Lowering the Operating Temperature of Gold Acetylene Hydrochlorination Catalysts Using Oxidized Carbon Supports

The commercialization of gold for acetylene hydrochlorination represents a major scientific landmark. The development of second-generation gold catalysts continues with a focus on derivatives and drop-in replacements with higher activity and stability. Here, we show the influence that the support surface oxygen has on the activity of carbon supported gold catalysts. Variation in the surface oxygen content of carbon is achieved through careful modification of the Hummers chemical oxidation method prior to the deposition of gold.
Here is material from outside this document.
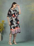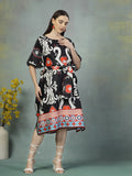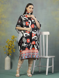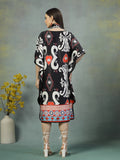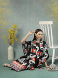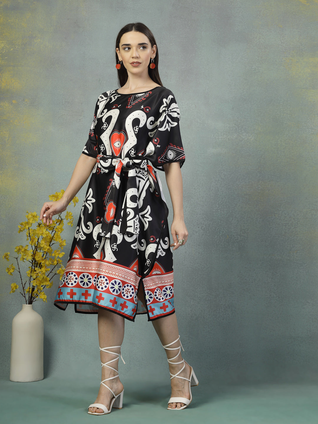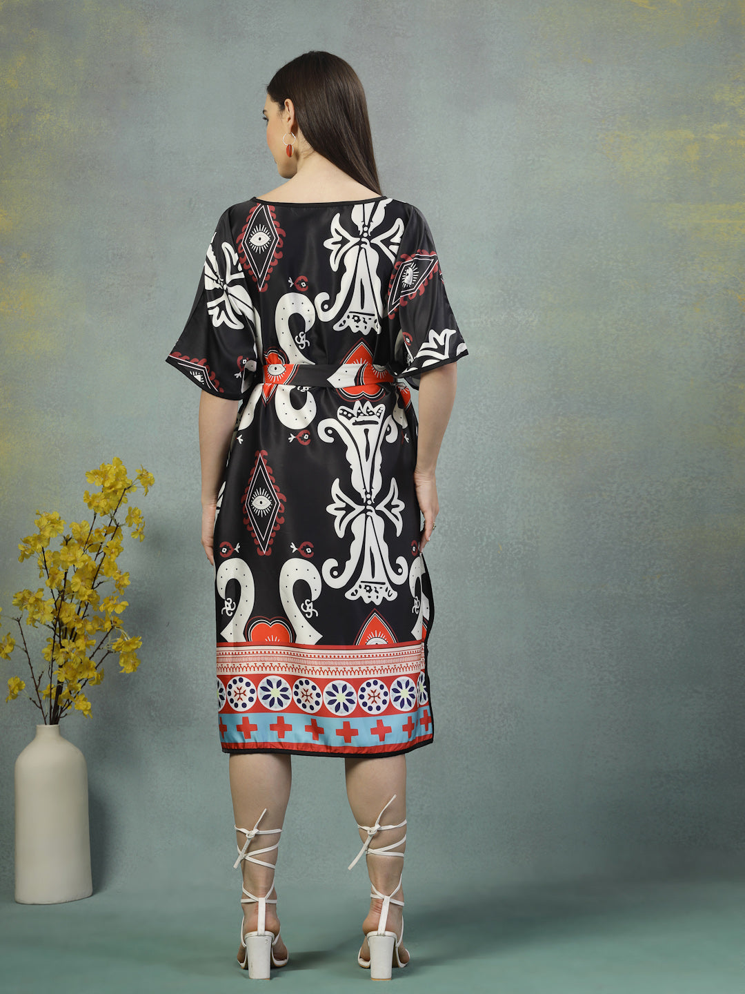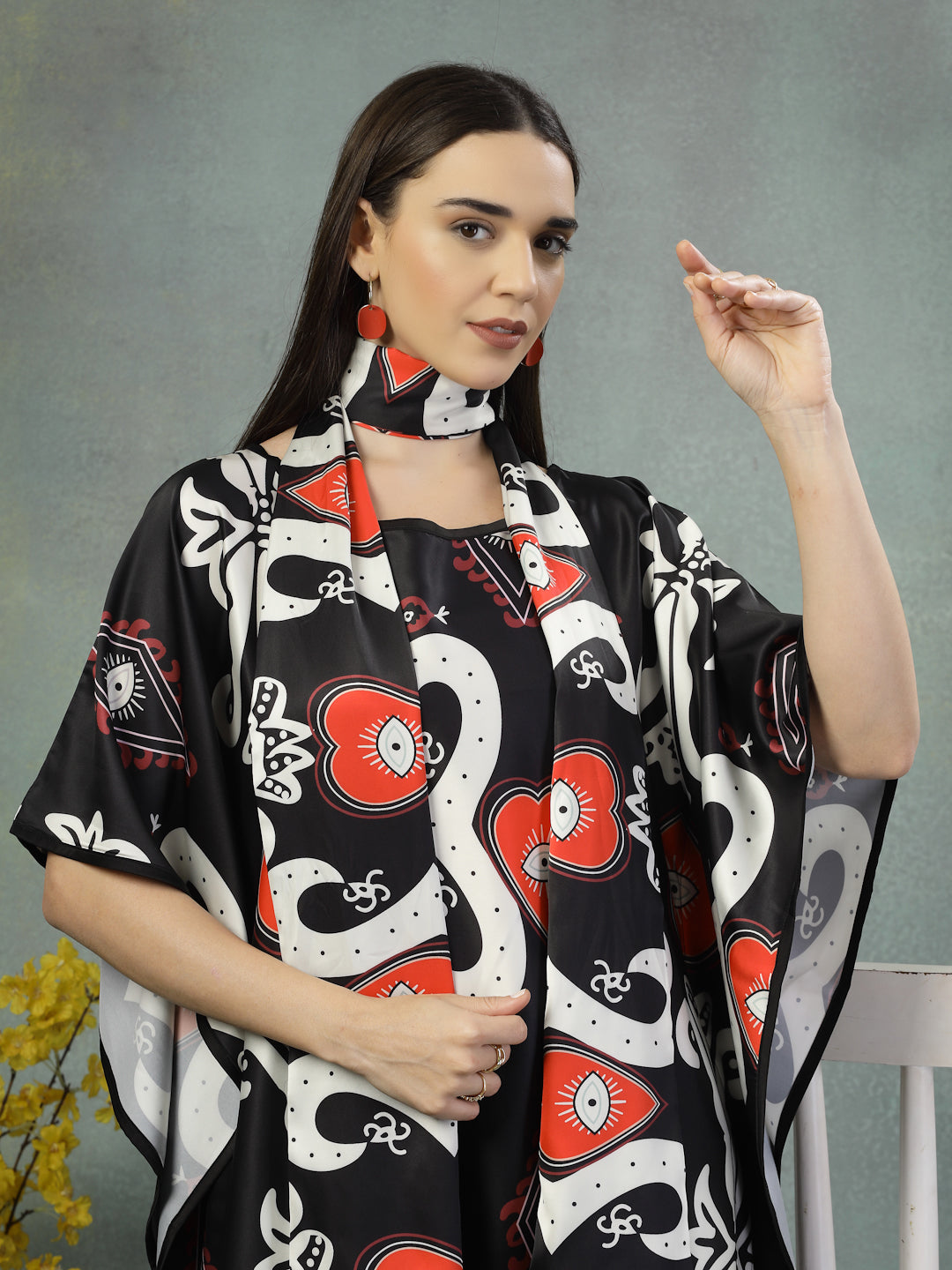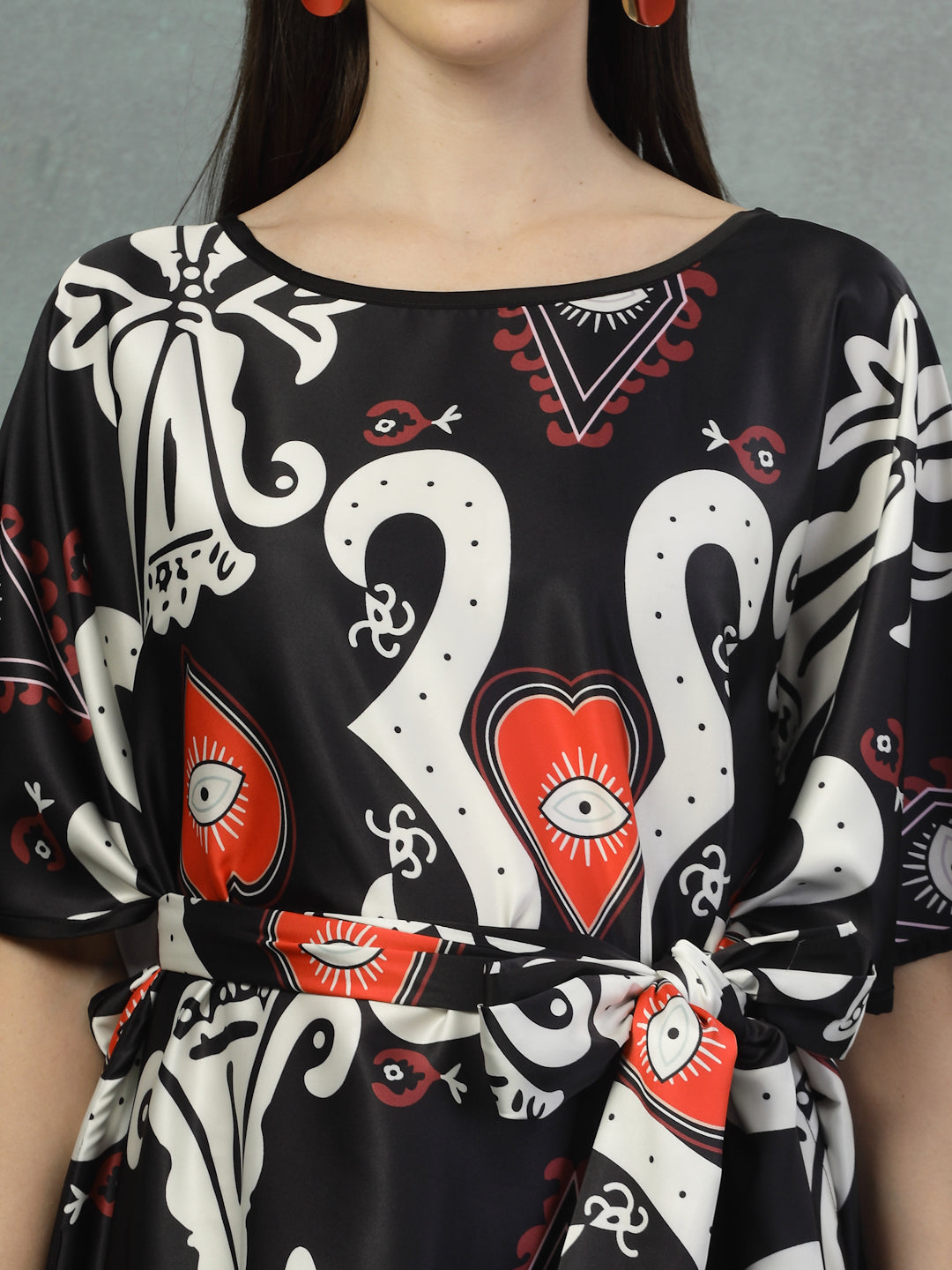 Command attention and comfort in this statement-making kaftan dress, crafted in fluid satin lycra. The luxe fabric drapes effortlessly, giving you a silhouette that feels as easy as it looks stunning. Adorned with a vivid, artistic print in striking hues of black, red, and turquoise, this all-season piece brings drama and softness together in perfect harmony. The result is a harmonious blend of comfort and design, made for savoring life's simple moments.

All oxidized carbon-based catalysts resulted in a marked increase in activity at 200 degrees C when compared to the standard nontreated carbon, with an optimum oxygen content of ca. 18 at % being observed. Increasing oxygen and relative concentration of C-O functionality yields catalysts with light-offtemperatures 30-50 degrees C below the standard catalyst. This understanding opens a promising avenue to produce high activity acetylene hydrochlorination catalysts that can operate at lower temperatures.

Automated summary

The commercialization of gold for acetylene hydrochlorination is a significant achievement in the field. The development of second-generation gold catalysts aims to enhance their activity and stability. This study demonstrates that the surface oxygen content of carbon-based gold catalysts affects their activity. By modifying the Hummers chemical oxidation method before gold deposition, the oxygen content of carbon can be adjusted. The oxidized carbon-based catalysts exhibit higher activity at lower temperatures compared to untreated carbon, with an optimum oxygen content of around 18%. Increasing the oxygen content and concentration of C-O functionality lowers the catalyst's light-off temperature, offering a potential approach to produce highly active acetylene hydrochlorination catalysts.